It demonstrates the importance of awareness-raising strategies for prescribers. Inertia, as in failure to deprescribe when appropriate, sits at odds with the more traditional use of the word as symbolising failure to intensify therapy when indicated.50 Inertia has been linked to selleck compound ‘omission bias’ where individuals deem harm resulting from an act of commission to be worse than that resulting from an act of omission.51 52 In the case of deprescribing as an act of commission, it becomes more a matter of reconciling a level of expected utility (accrual of benefits) with a level of acceptable regret (potential
to cause some harm).53 Fear of negative consequences resulting from deprescribing contributes to inertia and is not easily allayed by the current limited evidence base regarding the safety and efficacy of deprescribing.54 In the same papers in which prescribers rationalised continuation of therapy with the belief that drugs work and have few adverse effects,34 35 38 39 41 43–45 47 prescribers also identified different thresholds for initiating versus continuing the same therapy. This anomaly suggests a lack of prescriber insight, clear differences in prescribers’ attitudes towards initiation versus continuation, or a social response bias towards a false belief induced by the methodology used by interviewers.

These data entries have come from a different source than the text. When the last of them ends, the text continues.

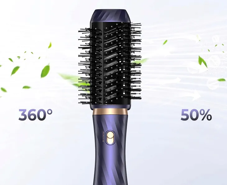 Suszarka do włosów z okrągłą szczotką pozwala uzyskać puszyste, gładkie i naturalne loki bez nadmiernego ciepła. Zestaw suszarki do włosów z gorącym powietrzem i szczotką zawiera 5 wymiennych nasadek, które umożliwiają delikatne suszenie, prostowanie, kręcenie, nadawanie objętości i masaż skóry głowy. Silny strumień powietrza z końcówki lokówki wzmacnia efekt i sprawia, że włosy automatycznie przylegają do powierzchni.
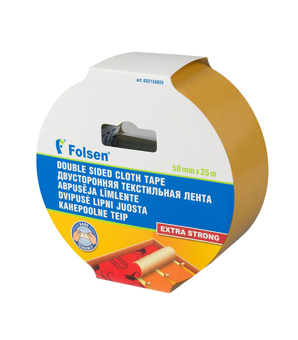 Лента клейкая монтажная Folsen двусторонняя тканевая 50 мм 25 м
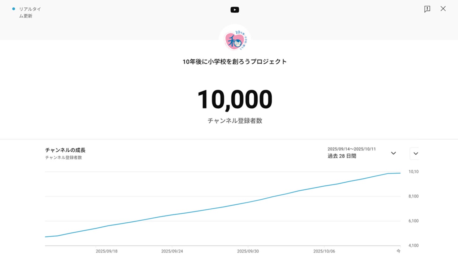 クメンタクリニックの公式YouTubeチャンネルである【10年後に小学校を創ろうプロジェクト】は、2025年10月12日にチャンネル登録者1万人を突破。
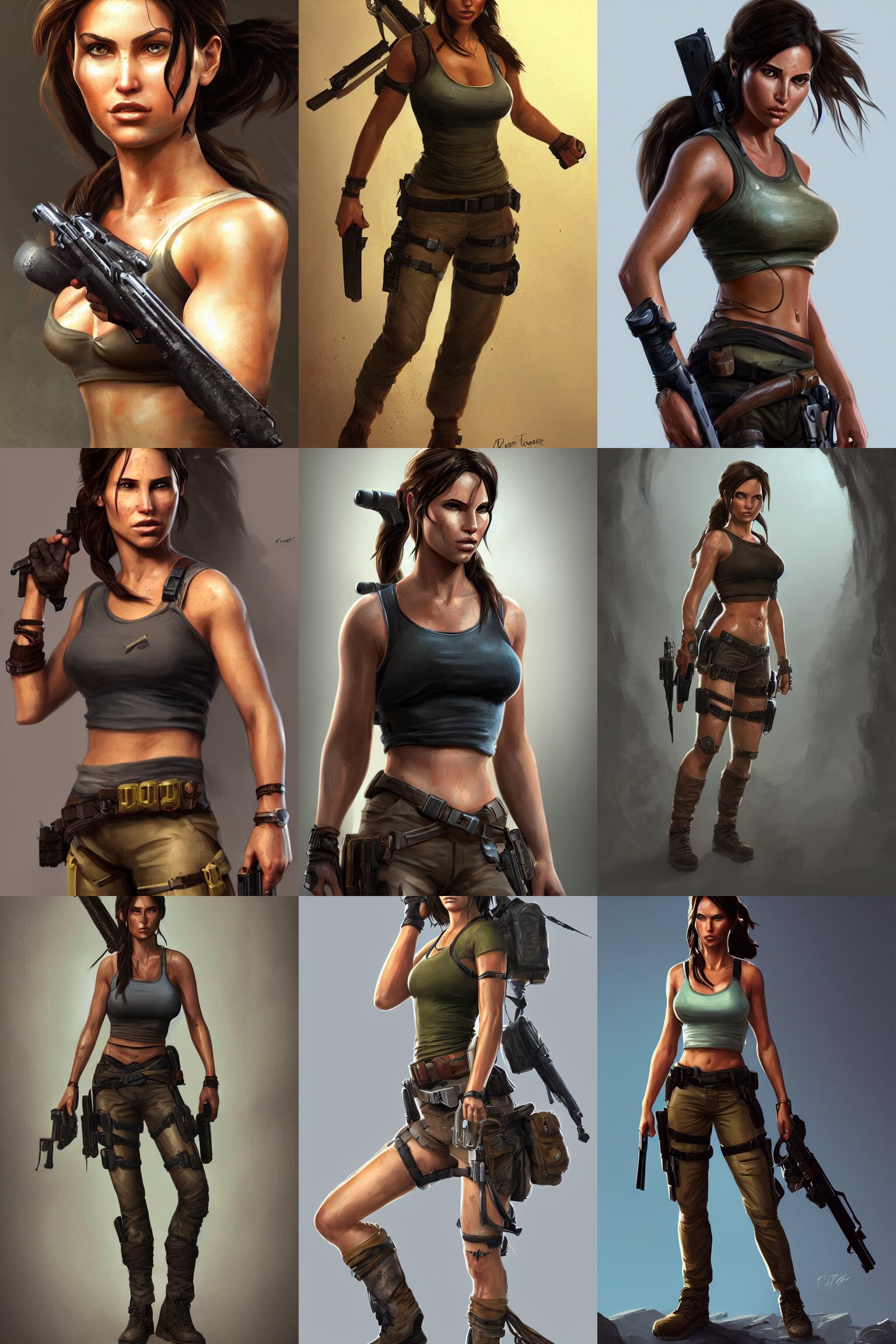 Full length portrait of lara croft, by tom cross, highly detailed, portrait, scifi, digital painting, artstation, concept art, smooth, sharp focc

Relevance to previous literature One meta-synthesis of seven papers has recently been published online exploring prescribers’ perspectives of why PIP occurs in older people.55 Compared with our review, this study had a generic focus on PIP, including underprescribing, and its search strategy retrieved fewer articles (n=7). Scanning their reference list did not reveal any additional papers which would have met our selection criteria and their results yielded no additional themes. Our findings are consistent with those in the literature (largely focused on initiation of therapy),
suggesting that pharmacological considerations are not the only factors impacting doctors’ prescribing decisions.56 Interacting clinical, Cilengitide social and cultural factors relating to both the patient and prescriber influence prescribing decisions.56–58 Reeve et al20 recently published a review of patient barriers and enablers to deprescribing and have emphasised the importance of a patient-centred deprescribing process.59 When comparing their results with ours, we find that prescribers’ barriers are concordant with those of patients with respect to resistance to change, poor acceptance of non-drug alternatives, and fear of negative consequences of discontinuation. However, prescribers also underestimate enabling factors including patients’ experiences/concerns of adverse effects, dislike of multiple medicines, and being assured that a ceased medication can be recommenced if necessary.